Bolen’s presentation, part of St. Jerome’s University’s Lectures in Catholic Experience series, was titled The Wounds of the Past, Truth-telling and a Future of Hope: The Doctrine of Discovery and the Path of Reconciliation.
The bishop examined the Canadian Catholic Church’s broad efforts to reconcile with the Indigenous peoples of this shared land, and he analyzed the contemporary Church’s response to the papal bulls of the 15th century and the Vatican’s repudiation of the Doctrine of Discovery on March 30, 2023.
Bolen began his talk by relaying his recent experience attending an event organized by Keeseekoose First Nation in Regina about truth-telling. The room was adorned with a banner, which bore the subjects that require the spotlight of truth. Residential schools and the Indian Act indeed were scrawled upon the sign. What particularly stood out to Bolen was the number of contemporary challenges that were illuminated.
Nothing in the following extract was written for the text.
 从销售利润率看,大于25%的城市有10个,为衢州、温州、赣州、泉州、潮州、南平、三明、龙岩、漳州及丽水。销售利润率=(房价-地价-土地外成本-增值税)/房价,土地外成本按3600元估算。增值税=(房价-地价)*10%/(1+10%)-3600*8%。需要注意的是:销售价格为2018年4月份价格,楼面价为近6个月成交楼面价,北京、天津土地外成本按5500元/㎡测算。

“We saw on that banner health issues, intergenerational trauma, homelessness, addictions, incarceration, racism and suicides,” said Bolen. “It is important to name, and this truth-telling gathering named that this is the legacy of colonization, the Indian Act and residential schools to assimilate Indigenous peoples — to disenfranchise them.”
Apologizing for and rejecting the Doctrine of Discovery, which empowered American settlers to claim sovereignty over land deemed vacant (terra nullius), fulfilled the 49th call to action from the Truth and Reconciliation Commission. This was a call to “all religious and faith groups who have not done so to renounce and discredit concepts used to justify European sovereignty over Indigenous lands and peoples.”
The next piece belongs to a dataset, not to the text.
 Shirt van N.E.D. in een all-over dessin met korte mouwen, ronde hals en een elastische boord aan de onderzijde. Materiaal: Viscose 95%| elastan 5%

Bolen gave an overview on one of the papal bulls backing the Doctrine of Discovery, Dum Diversas, which was penned in 1452 by Pope Nicholas V. The pope declared in this text that “we grant you by these present documents, with our Apostolic Authority, full and free permission to search out, capture and subjugate the Saraceans, the pagans and any other unbelievers and enemies of Christ wherever they may be.” The bull also authorized the conquerors to become masters of their land and to “reduce their persons into perpetual servitude.”
Less than 100 years later, Bolen stated that Pope Paul III ushered in a “huge shift” in the view of Indigenous peoples and their rights through the papal bull Sublimis Deus, released in 1537.
That pontiff forbade enslavement in this document, writing: “Indians and all other people who may later be discovered by Christians, are by no means to be deprived of their liberty or the possession of their property, even though they be outside the faith of Jesus Christ; and that they may and should, freely and legitimately, enjoy their liberty and the possession of their property; nor should they be in any way enslaved; should the contrary happen, it shall be null and have no effect.”
Bolen said Pope Paul III’s words signified “a change in political policy and a change in instruction for other nations.” It represented a “start of a tradition for defending the rights of Indigenous peoples.”
The 486 successive years following Sublimis Deus have been complex and has seen promising developments and periods of strife in the relationship between settlers and Indigenous peoples. The statement by the Dicastery for Culture and Education and the Dicastery for Promoting Integral Human Development that renounces the Doctrine of Discovery was seen as a huge step forward, but the conversations and actions of truth-telling must march forward, said Bolen.
Bolen mentioned plans are in the works for the Canadian Conference of Catholic Bishops (CCCB), the United States Conference of Catholic Bishops (USCCB) and the Pontifical Committee for Historical Sciences to arrange a symposium with Indigenous and non-Indigenous scholars to deepen historical understanding about the Doctrine of Discovery.
“Much needs to be reflected upon,” said Bolen. “To what extent is the Doctrine of Discovery embedded in American law and Canadian law? To what extent is it embedded in systemic injustice toward Indigenous peoples? That is a big question and it opens us to the question of what we should do and how should we be engaged.”